Is there a tutorial on how to use this for gsap animations? I'm trying to learn the basics of code by myself. I've just started a gsap course becasue of your newsletter, and so far I really like it. However, since I don't have a technical knowlegde yet, it is pretty difficult to set it up. In some other videos, I saw that you're using a skypack CDN to import gsap. I've tried this as well, but the animation doesn't work. Do you know how I can get it done step by step?

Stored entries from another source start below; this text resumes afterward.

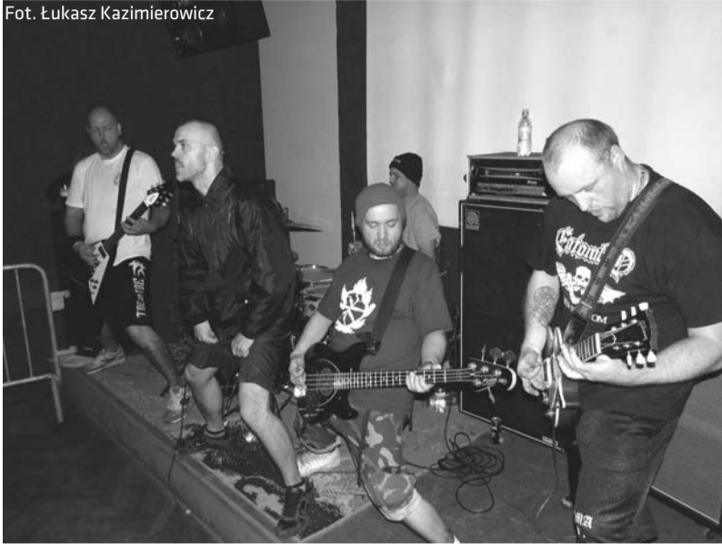
Mocne brzmienia zaserwowała publiczności m. in. grupa Schizma

Pierwsza edycja Festiwalu Muzycznego Gotta Go! za nami. W opinii organizatorów jak i licznie zgromadzonej w cieszyńskim klubie Panopticum publiczności, można mówić o sukcesie naszej inicjatywy. 24 września mogliśmy usłyszeć 5 zespołów prezentujących różne odmiany muzyki hard core'owej i metalowej.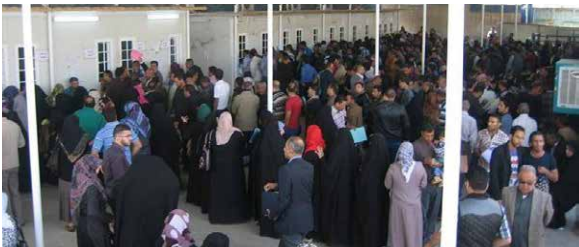
اعداد الموظفين في تناسب عكسي مع المنجز

وأضاف ان «مركز التطوير الإداري أحد المراكز المتخصصة على مستوى الاستشارات الوظيفية وتطوير قدرات العاملين تكفل باستراتيجية مهمة وهي استراتيجية الإصلاح في الدوائر الحكومية». ولكنه أكد أن «هذا الموضوع أكبر من أن تتكفل به وزارة التخطيط وحدها بل بحاجة إلى جهود كبيرة وتشريعات وقوانين»، مضيفاً أنه «نتيجة للمشاكل الاقتصادية تكونت فجوة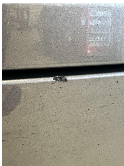
1.3 Ripe(r) ned til grunning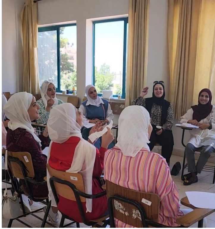
الصورة من تدريب طالبات من جامعة النجاح في مجال تطبيقات نظرية الذكاء الثلاثي في الصف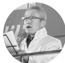
菊地執行委員(基幹労連)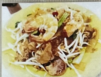
Kwetiau Goreng 80 炒板條 80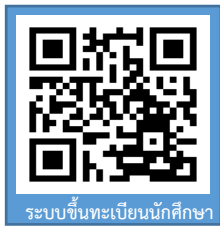
ระบบขึ้นทะเบียนนักศึกษา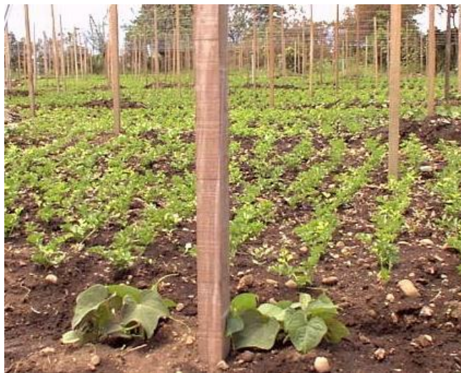
Figura 11. Plantas de chayote ( Sechium edule ) producidas in vitro y sembradas en condiciones de campo.

Una vez aclimatadas las plantas y desarrolladas en invernadero, se trasladan a un terreno aislado de las siembras comerciales de chayote, acorde a lo estipulado en el Reglamento técnico de certificación de semilla (ONS).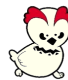
南アルプス市立図書館キャラクター ライライ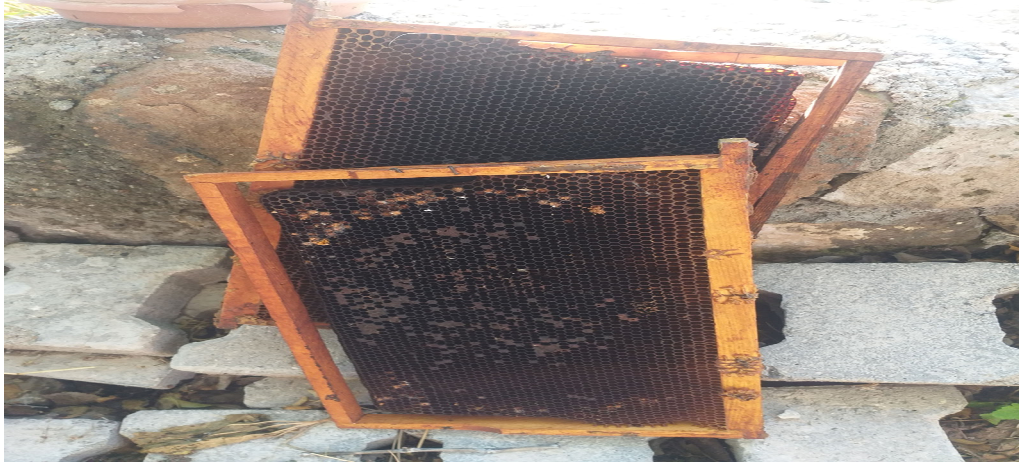
Resim 3.26. Mum dökme örneği

Bu mum özel olarak arının peteğinden yapılır ve arı mumu olarak geçer. Öncelikle bir kalburun ya da eleğin içine bakır kap içinde su konulur, suyun içine maden para ve iğne atılır. Daha sonra kalburun içine soğan, sarımsak yerleştirilir. Nazar değen kişi yere oturtulur ve üzerine çarşaf örtülür. Ocakta tavada mum eritilir ve tek sefer olarak kişinin başına kalbur tutulur ve eriyen mum suya dökülür. Eğer mum göz göz olursa ,iğnede suyun üstüne çıkarsa nazar var demektir. Şifa için sudan içilir. Kabin içinde ki parada mum döken kişiye verilir (K4) .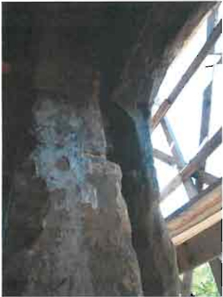
სურ. 3 კარიბჭის ჩრდილოეთ ღიობთან გახსნილი კედლის ნაწილი

პრობლემა აქვს ასევე დუღაბს. აღმოსავლეთ ფასადზე რამოდენიმე ადგილას, ხოლო კარიბჭის მრავალ მონაკვეთზე, განსაკუთრებით ჩრდილოეთ კედელზე, ქვებს შორის დუღაბი დაკარგულია. ეს გამოწვეული უნდა იყოს ზედმეტი ფიზიკური დატვირთვით და ბუნებრივი აგენტების მოქმედებით. როგორც ჩანს ჩრდილოეთ კედელზე რაღაც პერიოდში წყალი აქტიურად მოქმედებდა, რამაც გამოიწვია ღიობებთან დუღაბის დაკარგვა. თუმცა დღეს ამ ნაწილში წყლის პრობლემა მოხსნილია.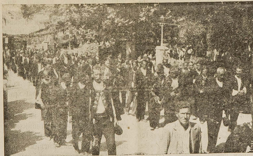
Група представника црквених општина у литији у Шибенику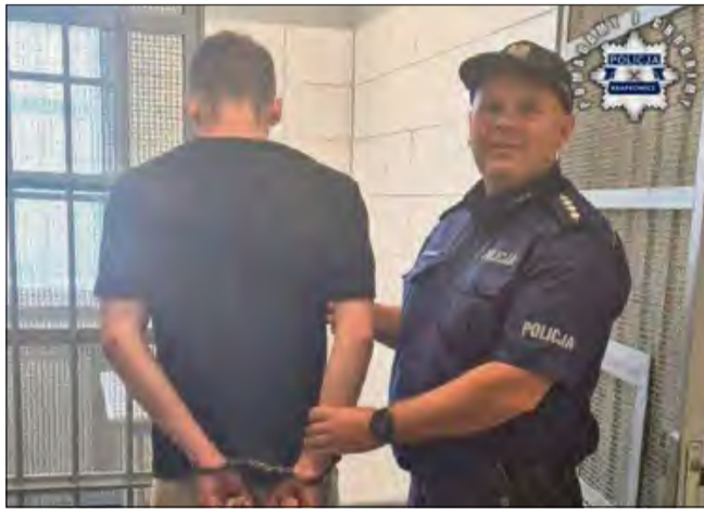
22-latek został zatrzymany i osadzony w policyjnym areszcie.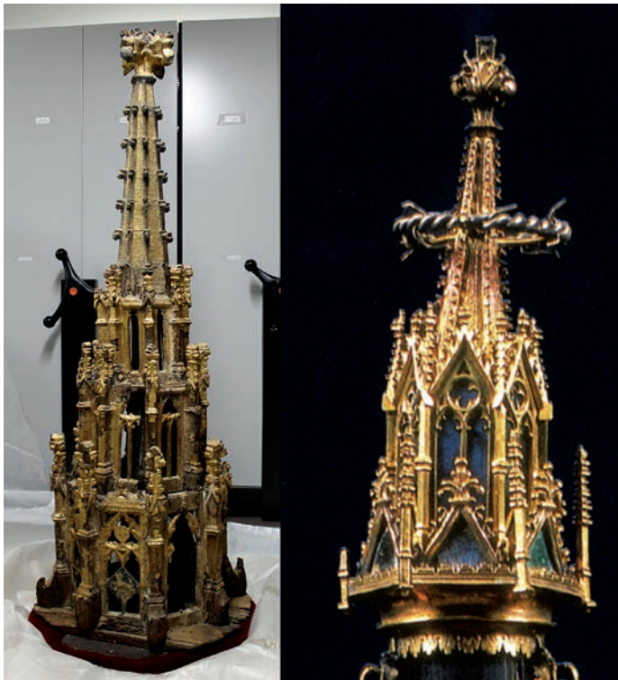
Fig. 2. Izquierda: Maqueta de aguja calada, Museo Municipal de Valencia. Derecha: Marc Canyes, detalle del relicario de la Santa Espina, catedral de Barcelona

Parece evidente que los orfebres y los arquitectos compartían un mismo lenguaje, en lo que respecta a las trazas y el diseño. Muchas piezas de orfebrería son auténticas maquetas arquitectónicas, aunque, con frecuencia, nunca podrían llegar a materializarse como arquitecturas monumentales debido a la fantasía de sus formas. Sin embargo, es en los diseños decorativos donde tenemos que fijar nuestra atención, pues fueron éstos uno de los elementos renovadores de la arquitectura, y es aquí donde se produjo el trasvase de conocimientos.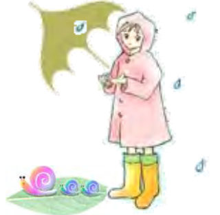
梅雨明け 過去3年間データ 7月24日

保湿効果でお肌もしっとり 洗顔料やハンドクリームに数滴のハチミツを混ぜて使うと殺菌効果で肌を清潔に保ち、保湿効果でお肌がしっとり、つややかになります。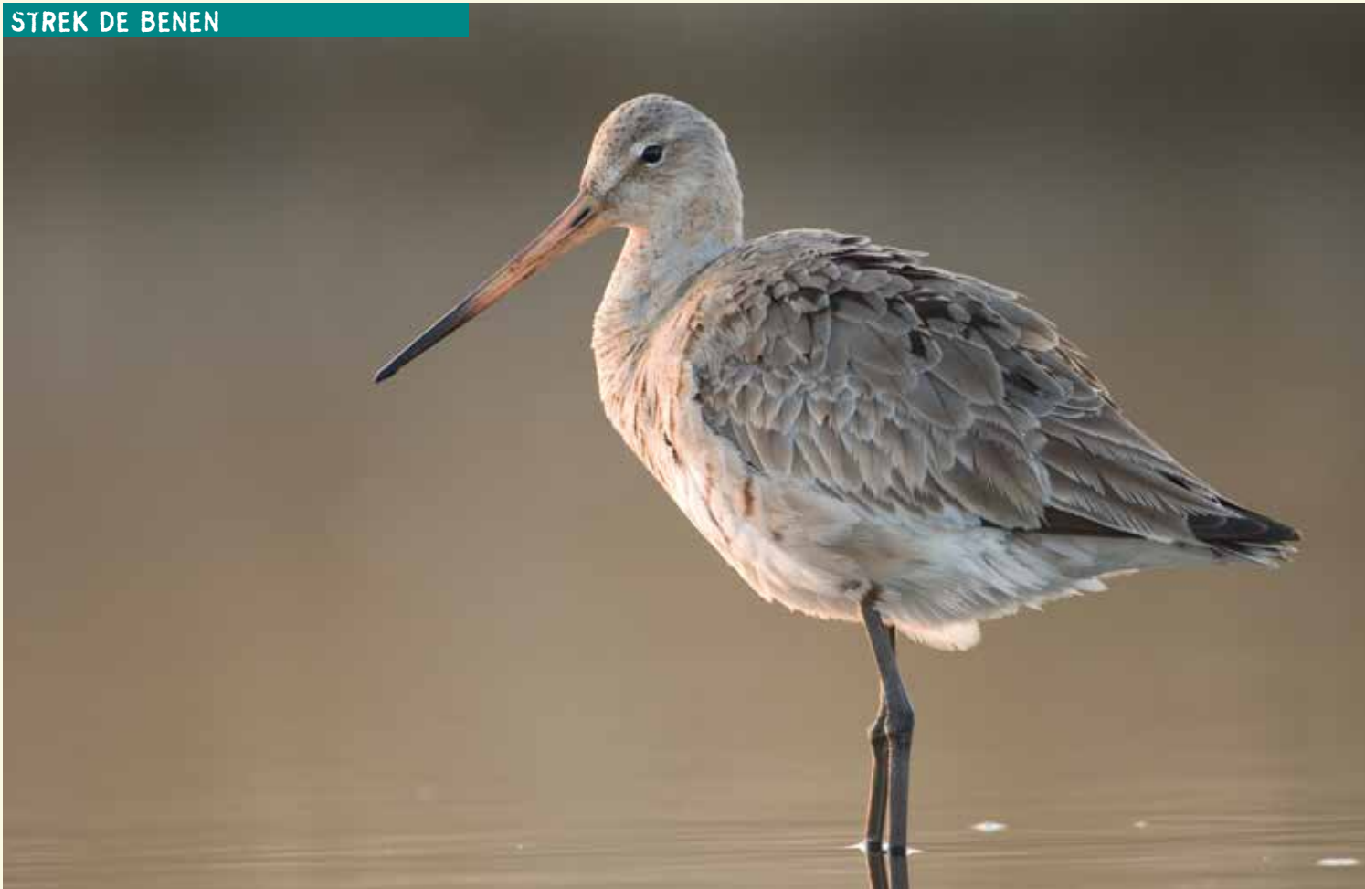
Ga tijdens je wandeling op zoek naar de grutto en andere weidevogels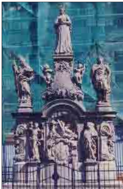
Sousoší Panny Marie Budějovické.

V nikách spodní části soklu mariánského sousoší jsou pak osazeny figury obvyklých morových patronů: sv. Šebestiána přivázaného ke kmeni stromu, sv. Rocha v oděvu poutníka a v umělé jeskyňce - nad znakem města - ležící poustevnici sv. Rozálie s lebkou. S těmito svěťci se setkáváme na morových sousoších velice často. Voják a mučedník sv. Šebestián žil pravděpodobně v 3. stol. a jako ochránce proti moru je uctíván od 7. stol. proto, že v Římě ustala morová epidemie, když byly ulicemi nesený jeho ostatky. Je zo-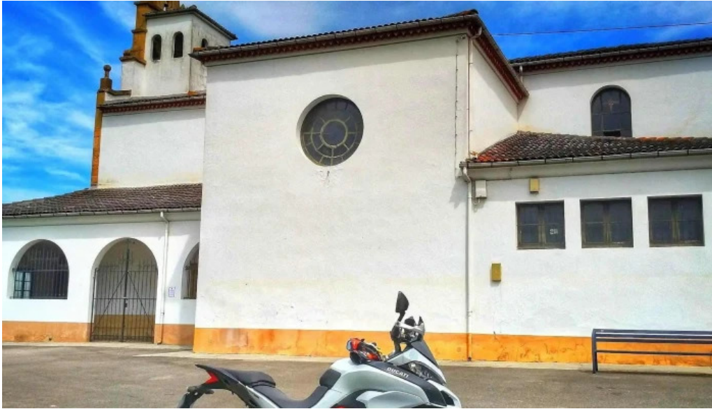
Parroquia de san cosme de bobes direccion

Great video! I saw some tweet about a CMS Like button using Make. Would love to see how that is setup! Saw a few other people who replied that they were interested as well. I think the Webflow community is begging for a tutorial LOL
haha thanks it's on the list. It's not quite production grade though... there are some limitations I've been exploring how to get around 100% in Make but haven't come up with a great solution. The implementation I tweeted about updates the Webflow CMS, but requires publishing the site for the updated numbers to show, so it's a lackluster UI in my opinion. It teaches a good concept but not quite useable. Would you still be interested in seeing how to build that? My fully reactive solution to a like button with CMS would use code. Would you prefer that or the more limited approach with Make?
@@webbae Love it, thanks for the reply! Look forward to seeing the tutorial if/when it comes out! Also I remember FInsweet having CMS Favoriting on their 2023 Roadmap for Q2 but I guess it got sidelined. I managed to put some code together using Chat GPT for favouriting items and then creating a filtered collection list of only saved items (display: none for all unsaved items). But the problem is that all items are loaded into the DOM and not just the saved items so it makes the site heavy. I wanted to pick your brain to see if it was possible to filter a list completely before all items are loaded into the DOM. I appreciate your videos, they have helped me level up my noob status.
Thanks for showing this full process! I’m curious about your thoughts on using Slater App for JS code in Webflow. Are there advantages to this method vs Slater?
There's a lot to talk about here. I haven't used Slater a ton but for someone who just wants a good option to writing JS in Webflow, it seems to be really cool! Here are some reasons I use this setup over Slater: 1. Integration with Github - what we use for collaboration at Finsweet. 2. Environment setup and bundlers. This is the big one. Allows me to use tools like npm and create custom build processes. I'm pretty much always using Typescript now, unless I'm teaching JS on YT. 3. Bring your own AI (I use Github Copilot (GPT3.5 I believe) and GPT4 via the openai ui). 4. Integrations with lots of other tools... azure cloud, google cloud. Most of this is not necessary if you just want to write JS more easily than in the Webflow editor.
closet is a great place to hide things so no worries about it being messy. If you store anything secret in there guaranteed your Dad won't find it for at least 3 years! 🤣
@@webbae how do you go about setting up a boilerplate or package vs code, git hub, with common libraries and animationsnlike gsap, sliderJs, barbajs etc and deploy it in new webflow projects for each client?
Depends on the client. Small - Probably just use my own organizational account. Large - Have them setup Github In general I do believe each client should own their content regardless of size so would push for them to have their own accounts but sometimes clients just aren't that technical and don't want to do that. Since the code is public on Github anyways if another dev came in two years later they would be able to grab the code if they needed it.